A compact collection of essays blending literary criticism, theatrical memoir, and cultural reflection. The author examines poetic tradition and symbolism, offers close readings of earlier poets such as Edmund Spenser, critiques contemporary drama and playwrights including Lady Gregory and J. M. Synge, and reflects on the artist’s social role as prophet, priest, and king. Short pieces probe saints, asceticism, the religious foundations of symbolic art, and the bodily energies that give drama its force.

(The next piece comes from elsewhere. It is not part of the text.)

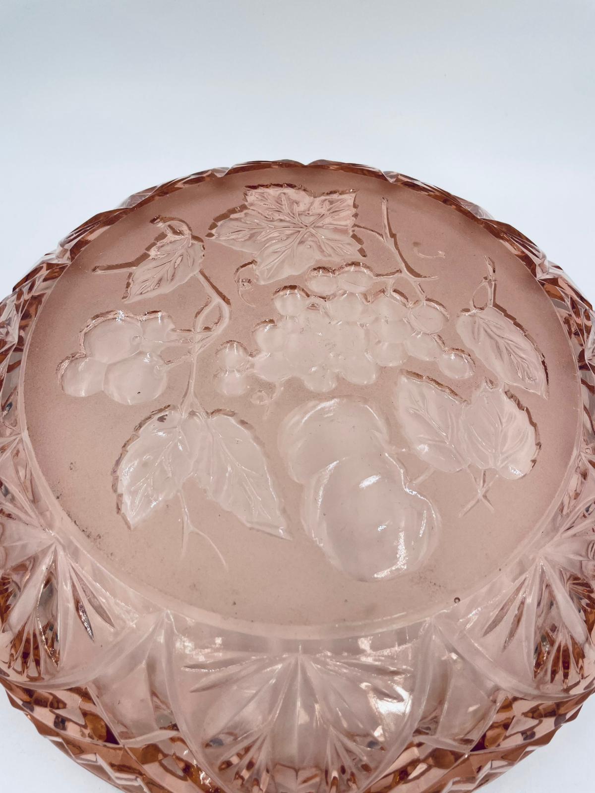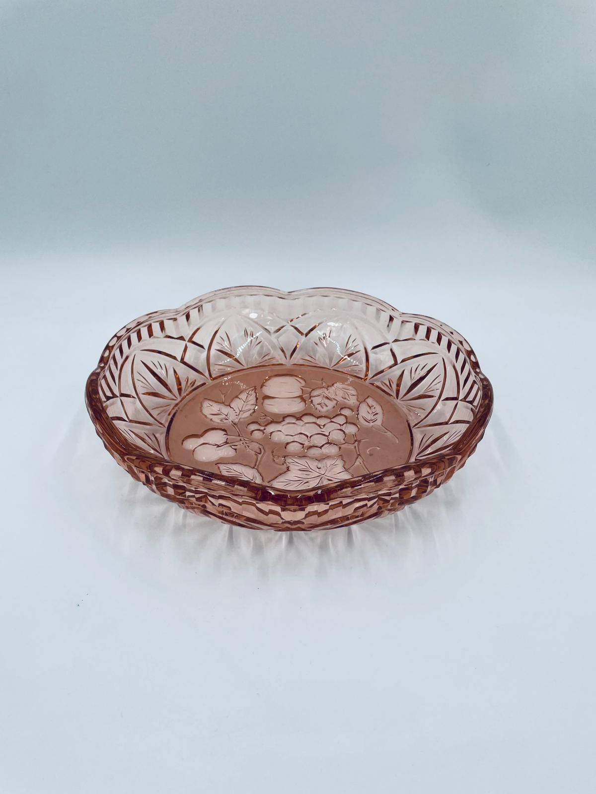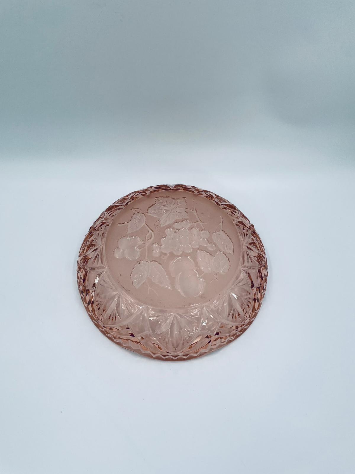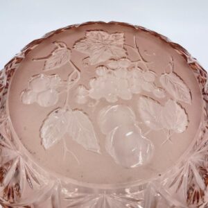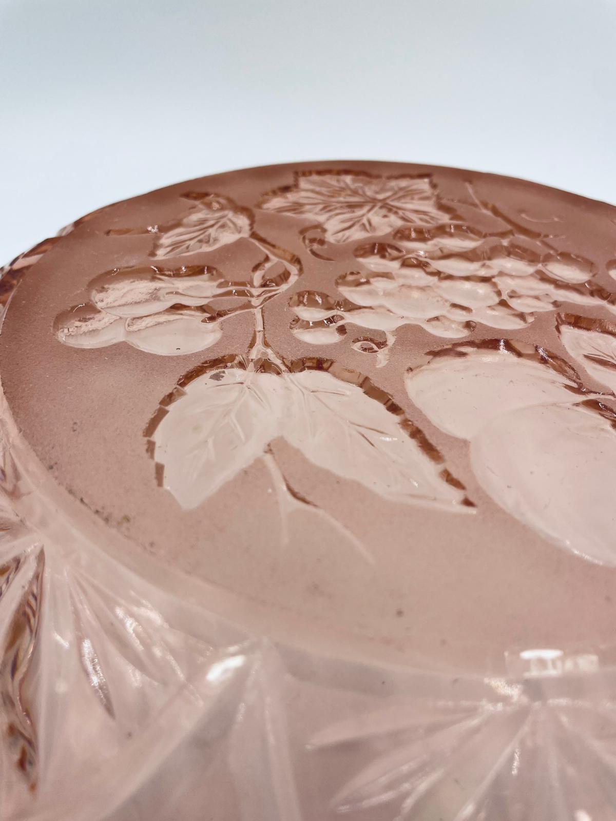 Misa dekoracyjna „Granada” wyprodukowana przez Veb Sachsenglas, wykonana z wysokiej jakości szkła w kolorze rozalinowym. Misa charakteryzuje się dekoracyjnym tłoczonym wzorem winogron i liści na dnie naczynia oraz falistym brzegiem.

Personal anecdotes about performances, convents, and provincial audiences illuminate broader arguments about reconnecting imaginative life with ordinary people, and the volume closes with brief critical notes and a bibliography.

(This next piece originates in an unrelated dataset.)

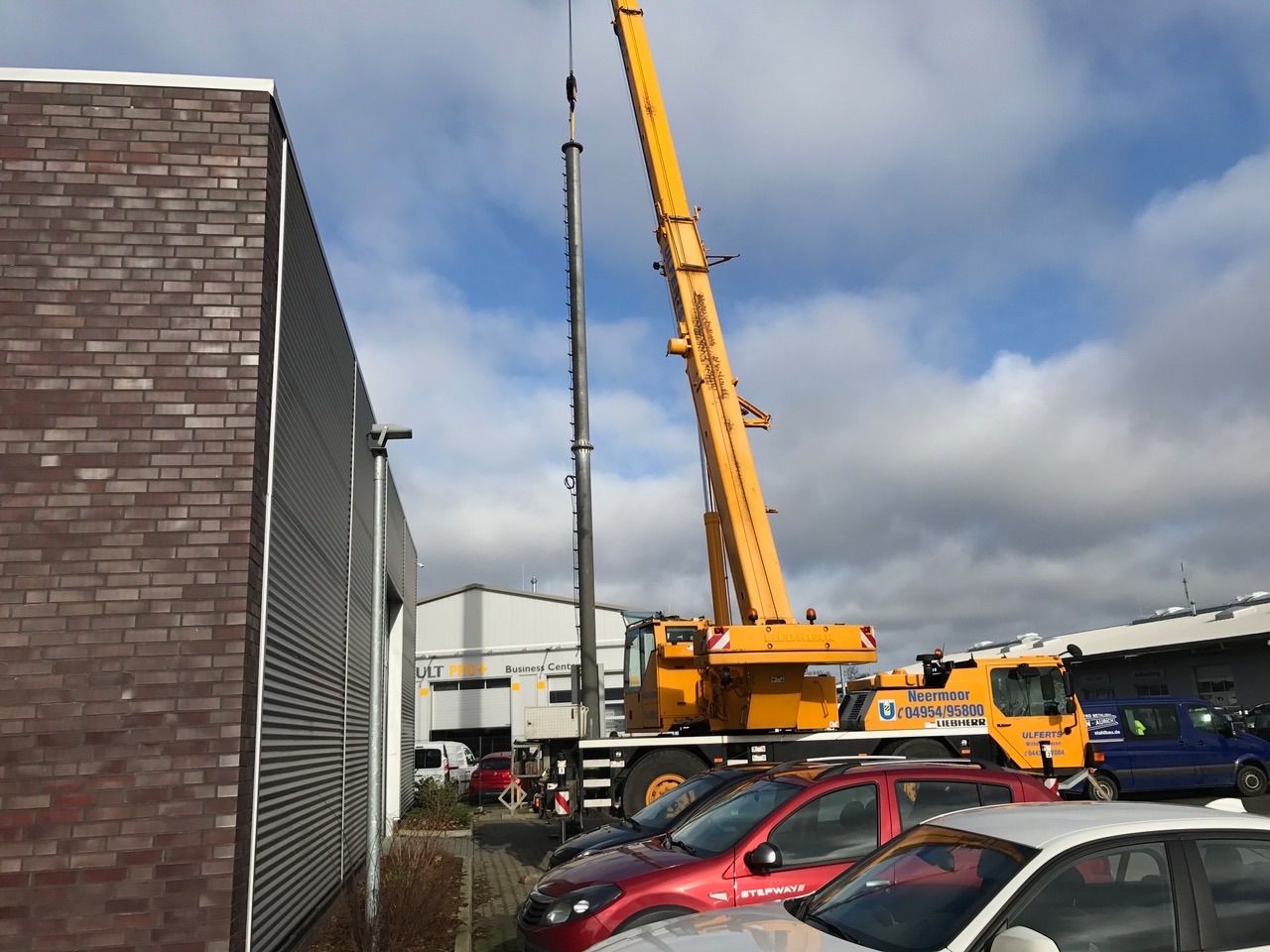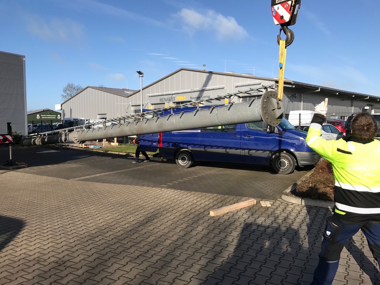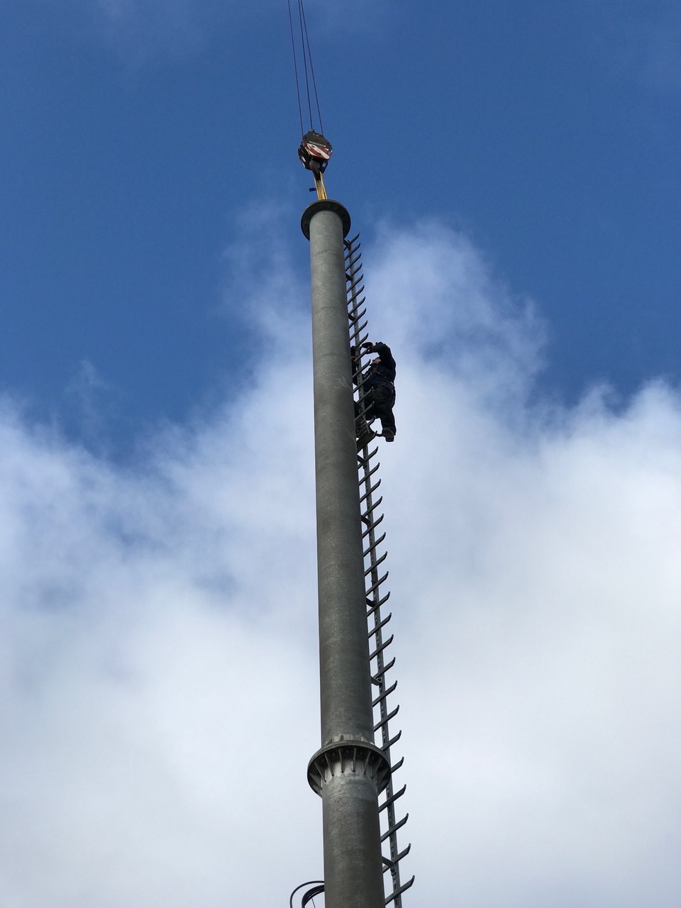 Die Anlieferung des Masts erfolgte in zwei Teilen. Innerhalb von wenigen Stunden wurde der Mast fertig zusammengebaut und aufgestellt.

THE PRAISE OF OLD WIVES’ TALES

An art may become impersonal because it has too much circumstance or too little, because the world is too little or too much with it, because it is too near the ground or too far up among the branches. I met an old man out fishing a year ago, who said to me, ‘Don Quixote and Odysseus are always near to me’; that is true for me also, for even Hamlet and Lear and Œdipus are more cloudy. No playwright ever has made or ever will make a character that will follow us out of the theatre as Don Quixote follows us out of the book, for no playwright can be wholly episodical, and when one constructs, bringing one’s characters into complicated relations with one another, something impersonal comes into the story. Society, fate, ‘tendency,’ something not quite human, begins to arrange the characters and to excite into action only so much of their humanity as they find it necessary to show to one another. The common heart will always love better the tales that have something of an old wives’ tale and that look upon their hero from every side as if he alone were wonderful, as a child does with a new penny. In plays of a comedy too extravagant to photograph life, or written in verse, the construction is of a necessity woven out of naked motives and passions, but when an atmosphere of modern reality has to be built up as well, and the tendency, or fate, or society has to be shown as it is about ourselves, the characters grow fainter, and we have to read the book many times or see the play many times before we can remember them. Even then they are only possible in a certain drawing-room and among such and such people, and we must carry all that lumber in our heads. I thought Tolstoi’s ‘War and Peace’ the greatest story I had ever read, and yet it has gone from me; even Lancelot, ever a shadow, is more visible in my memory than all its substance.